1. A rotary machine comprising:

a rotor that includes a rotary shaft that extends in an axial direction, in which an axis extends, about the axis, an impeller fixed to the rotary shaft, and an impeller cap that is disposed at an end portion of the rotary shaft and regulates movement of the impeller in the axial direction;

a housing that covers the rotor and has a suction port allowing a working fluid to flow inside the housing; and

an inlet guide vane that is disposed inside the housing on a first side in the axial direction with respect to the impeller, and has a plurality of movable blades that extend from the housing toward an inner side in a radial direction around the axis and disposed at intervals in a circumferential direction about the axis,

wherein a blade tip portion, which is a tip end of each of the plurality of movable blades in the radial direction, is disposed on an outer side in the radial direction with respect to an outer peripheral surface of the impeller cap, and

a position of at least a part of the blade tip portion in the axial direction overlaps a position of the impeller cap in the axial direction.

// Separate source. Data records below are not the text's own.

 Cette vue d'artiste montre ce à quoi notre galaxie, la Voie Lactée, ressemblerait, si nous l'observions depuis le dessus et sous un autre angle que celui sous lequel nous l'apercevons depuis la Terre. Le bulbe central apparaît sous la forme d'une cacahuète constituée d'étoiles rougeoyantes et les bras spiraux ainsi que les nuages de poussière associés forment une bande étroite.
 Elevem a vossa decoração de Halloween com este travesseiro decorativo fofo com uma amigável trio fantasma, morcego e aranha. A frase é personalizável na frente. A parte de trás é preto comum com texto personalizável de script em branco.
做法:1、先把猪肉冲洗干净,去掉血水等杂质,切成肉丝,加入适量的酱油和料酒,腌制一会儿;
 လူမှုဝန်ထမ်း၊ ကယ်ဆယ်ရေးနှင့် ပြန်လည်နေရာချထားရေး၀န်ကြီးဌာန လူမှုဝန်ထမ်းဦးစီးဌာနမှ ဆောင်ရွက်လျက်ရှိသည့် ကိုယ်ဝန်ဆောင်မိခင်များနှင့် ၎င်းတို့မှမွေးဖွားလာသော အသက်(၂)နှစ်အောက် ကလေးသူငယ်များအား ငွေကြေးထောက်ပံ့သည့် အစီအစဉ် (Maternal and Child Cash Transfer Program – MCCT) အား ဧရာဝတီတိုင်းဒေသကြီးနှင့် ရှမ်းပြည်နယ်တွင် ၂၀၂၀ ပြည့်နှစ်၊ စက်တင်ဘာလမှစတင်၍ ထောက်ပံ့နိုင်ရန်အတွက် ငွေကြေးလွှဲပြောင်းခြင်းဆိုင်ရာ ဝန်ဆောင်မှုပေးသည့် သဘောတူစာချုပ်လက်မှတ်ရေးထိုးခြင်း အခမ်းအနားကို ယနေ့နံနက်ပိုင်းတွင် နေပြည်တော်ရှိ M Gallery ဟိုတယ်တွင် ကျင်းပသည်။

2. The rotary machine according to claim 1, wherein the blade tip portion is a plane parallel to the axis.

3. The rotary machine according to claim 1, wherein each of the plurality of movable blades is rotatable around a shaft portion that extends in the radial direction, and

when the movable blade is rotated to be thinnest in a cross-sectional view orthogonal to the axis, the position of at least a part of the blade tip portion in the axial direction overlaps the position of the impeller cap in the axial direction.

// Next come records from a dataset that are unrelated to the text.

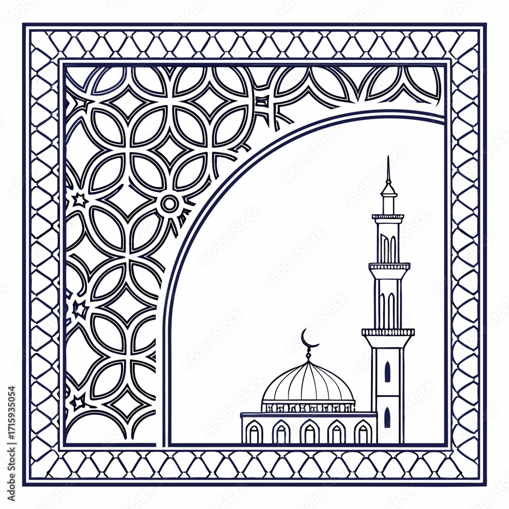 Samolepka Intricate islamic geometric patterns frame a mosque with a dome and minaret in a
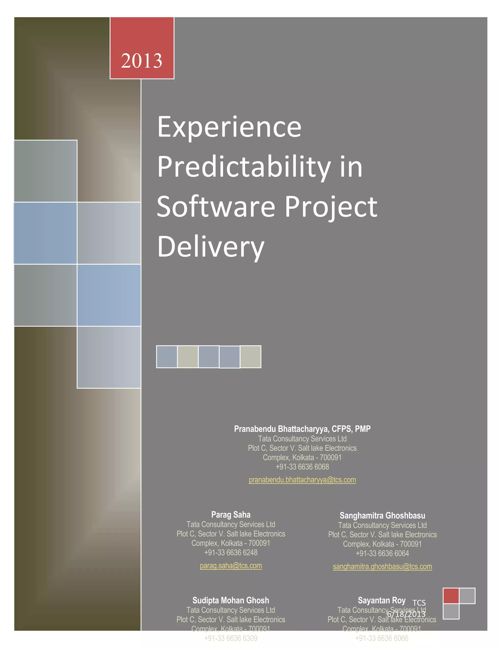 This document describes an estimation framework developed by Tata Consultancy Services to standardize and improve the accuracy of software project estimations. The framework includes components for sizing, effort estimation, scheduling, resource planning, and costing. It also includes a decision matrix to select the appropriate estimation model based on project characteristics. Continuous feedback from project outcomes is used to refine the framework over time through a plan-do-check-act cycle. The framework aims to increase predictability and reduce risks associated with inaccurate project estimations. A case study demonstrates how the framework was applied to a sample project.
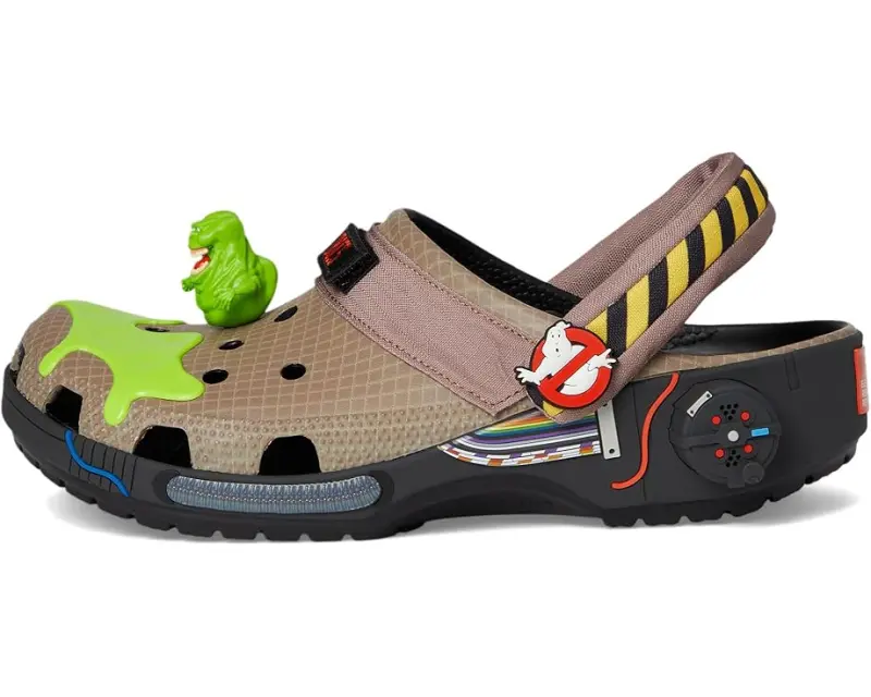 Gear up for your next adventure choosing the Crocs™ Ghostbusters Classic Clogs, inspired by the iconic Ghostbusters uniform. Featuring character name patches, proton pack-style soles, and glowing slime on the toes, these clogs bring the ghost-hunting spirit to life. The 3D Slimer JIBBITZ™ adds a playful touch, making every step a nod to paranormal fun. Lightweight, water-friendly, and fitted with pivoting heel straps for a secure fit, these clogs deliver Iconic Crocs Comfort so you can hunt ghosts in style and ease.
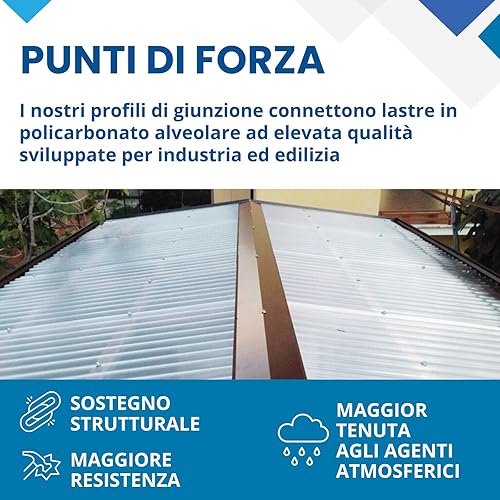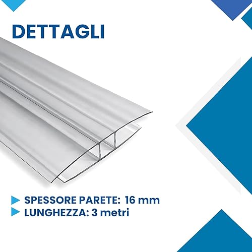 Profilo di Giunzione Policarbonato Trasparente ad H, Spessore 16 mm, Lunghezza 3 metri, per Pannelli Policarbonato, Exolon®, Made in Italy
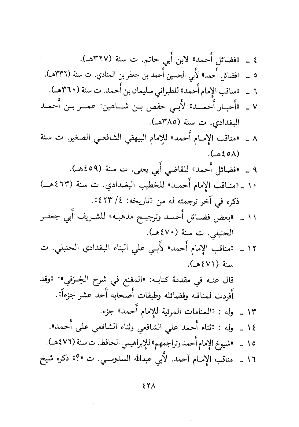 ١٦- مناقب الإمام أحمد. لأبي عبد الله السدوسي ت "؟ " ذكره شيخ
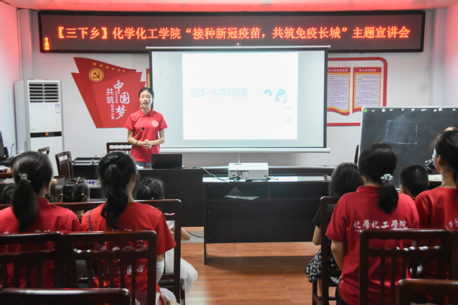 为帮助双河口社区居民正确认识疫苗接种在疫情防控中的重要作用,了解国家对于新冠疫苗的扶持政策,进一步提升他们爱党、爱国的意识,长江师范学院化学化工学院2021年暑期“三下乡”党史学习实践团于涪陵区双河口社区开展“接种新冠疫苗,共筑免疫长城”主题宣讲会。双河口社区部分居民参加此次宣讲会。

4. The rotary machine according to claim 1, wherein a position of an entire area of the blade tip portion in the axial direction overlaps the position of the impeller cap in the axial direction.

5. The rotary machine according to claim 1, wherein, when viewed from the axial direction, an entire area of the movable blade is disposed on the outer side in the radial direction with respect to the impeller cap.